Received 8 September 2015

Accepted for publication 7 October 2015

Published 11 November 2015 Volume 2015:3 Pages 73—82


Checked for plagiarism Yes

Review by Single-blind

Peer reviewer comments 2

Editor who approved publication: Prof. Dr. Dörthe Katschinski

Helen J Knowles

Botnar Research Centre, NDORMS, University of Oxford, Oxford, Oxfordshire, UK

Abstract: Bone integrity is maintained throughout life via the homeostatic actions of bone cells, namely, osteoclasts, which resorb bone, and osteoblasts, which produce bone. Disruption of this balance in favor of osteoclast activation results in pathological bone loss, which occurs in conditions including osteoporosis, rheumatoid arthritis, primary bone cancer, and cancer metastasis to bone. Hypoxia also plays a major role in these conditions, where it is associated with disease progression and poor prognosis. In recent years, considerable interest has arisen in the mechanisms whereby hypoxia and the hypoxia-inducible transcription factors, HIF-1α and HIF-2α, affect bone remodeling and bone pathologies. This review summarizes the current evidence for hypoxia-mediated regulation of osteoclast differentiation and bone resorption activity.
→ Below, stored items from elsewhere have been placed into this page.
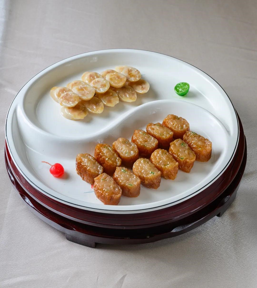 “燕翼”语出《诗经》,意为善为子孙谋划。云霄燕翼宫系朝廷允准陈元光将军赐建的宫宅。陈元光依托燕翼宫治理漳州,开创了闽粤安定繁荣局面。此菜精选烟肠与肉管(五香卷)拼盘而成,属云霄两大经典美食。烟肠以猪小肠灌入猪肉丁、地瓜粉等精制,口感扎实,寓意开漳先贤兴办书院、推行教化、启迪民智的深远谋划的文治;肉管(五香卷)以豆腐皮包裹笋丁或萝卜丝、肉末、葱花等馅料,油炸至金黄色,酥脆美味,象征开漳将士勇武刚毅与戍边卫土的武功。这一文一武双味并陈,谓之“燕翼双飞”,寄托开漳先辈以文治武功开创基业、积德贻谋之深意,也象征开漳文脉刚柔并济、文武兼修的精神传承。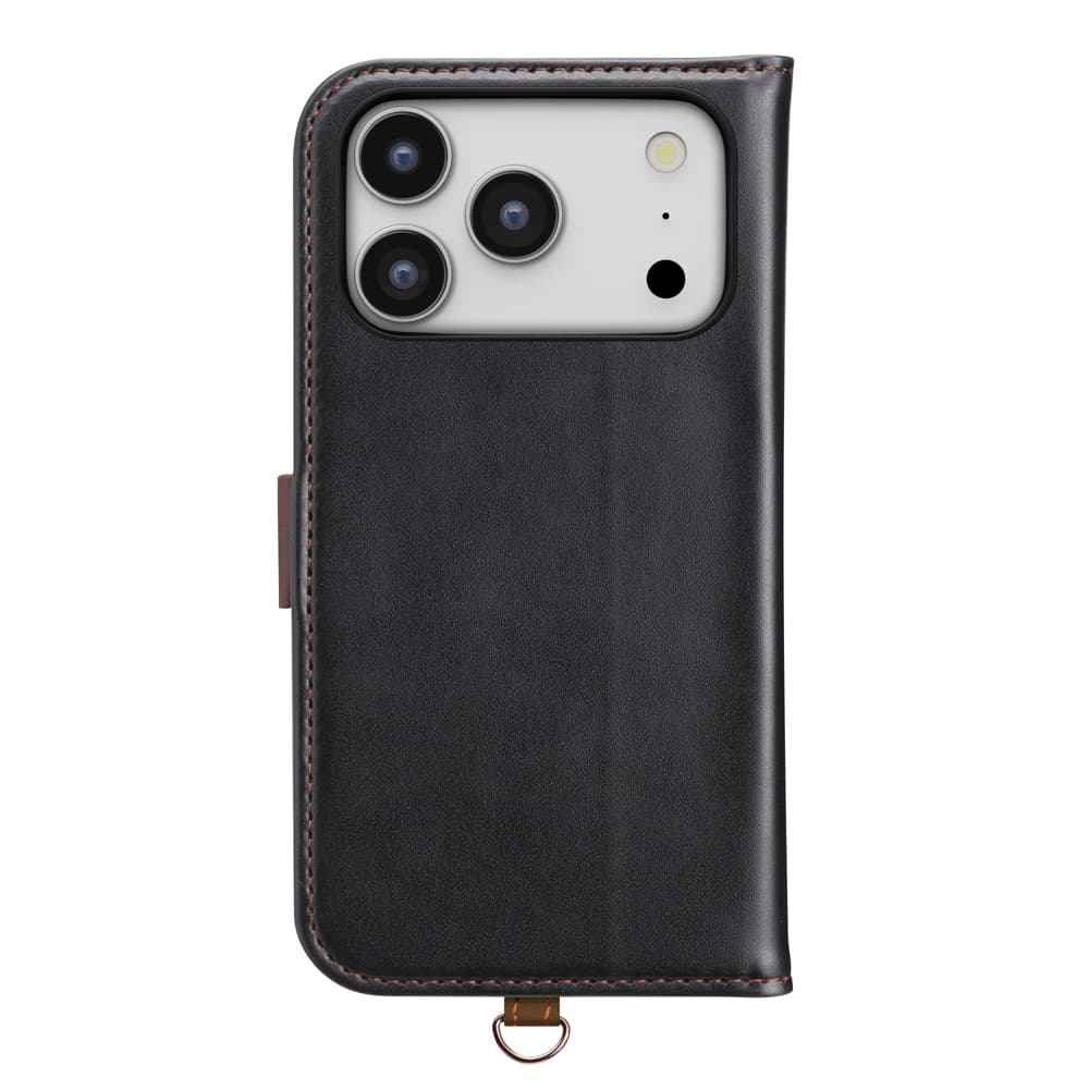 ●風合いの良い上質なPUレザー素材を使用したiPhone17Pro用フリップカバーです。上品で手触りのいいPUレザーは、シンプルなiPhoneのデザインとぴったりマッチします。特許取得済みのマグネットロックで、ラクラクカバーを開閉する事が可能。便利な横スタンド機能で動画の視聴をお楽しみ頂けます。通勤通学やお買い物に便利な2つのカードポケット・ショルダーストラップを取り付けするのに最適なストラップホール付き。カバーを付けたままワイヤレス充電が可能です。
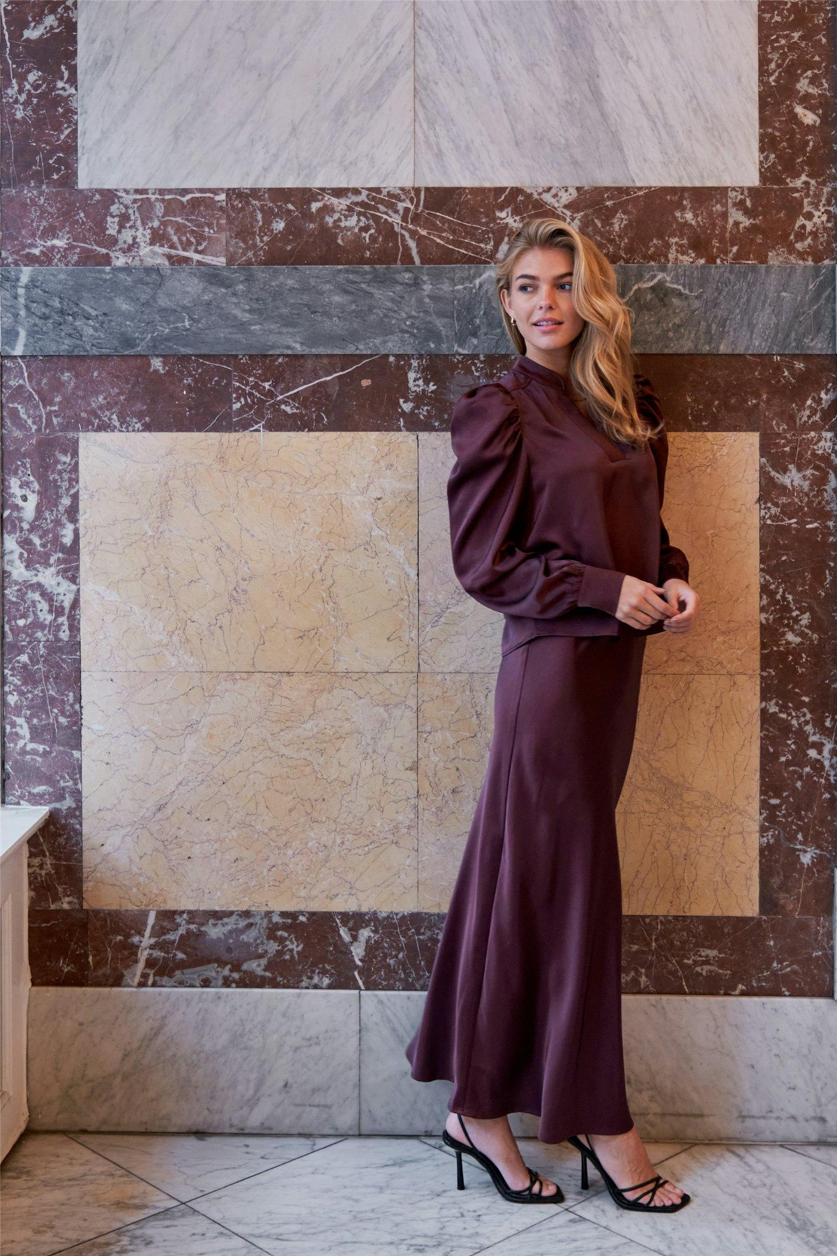 Vicky Heavy Sateen Skirt Burgundy

Role(s) of HIF and HIF target genes in the formation of multinucleated osteoclasts from cells of the monocyte–macrophage lineage and in the activation of bone resorption by mature osteoclasts will be discussed. Specific attention will be paid to hypoxic metabolism and generation of ATP by osteoclasts. Hypoxia-driven increases in both glycolytic flux and mitochondrial metabolic activity, along with consequent generation of mitochondrial reactive oxygen species, have been found to be essential for osteoclast formation and resorption activity. Finally, evidence for the use of HIF inhibitors as potential therapeutic agents targeting bone resorption in osteolytic disease will be discussed.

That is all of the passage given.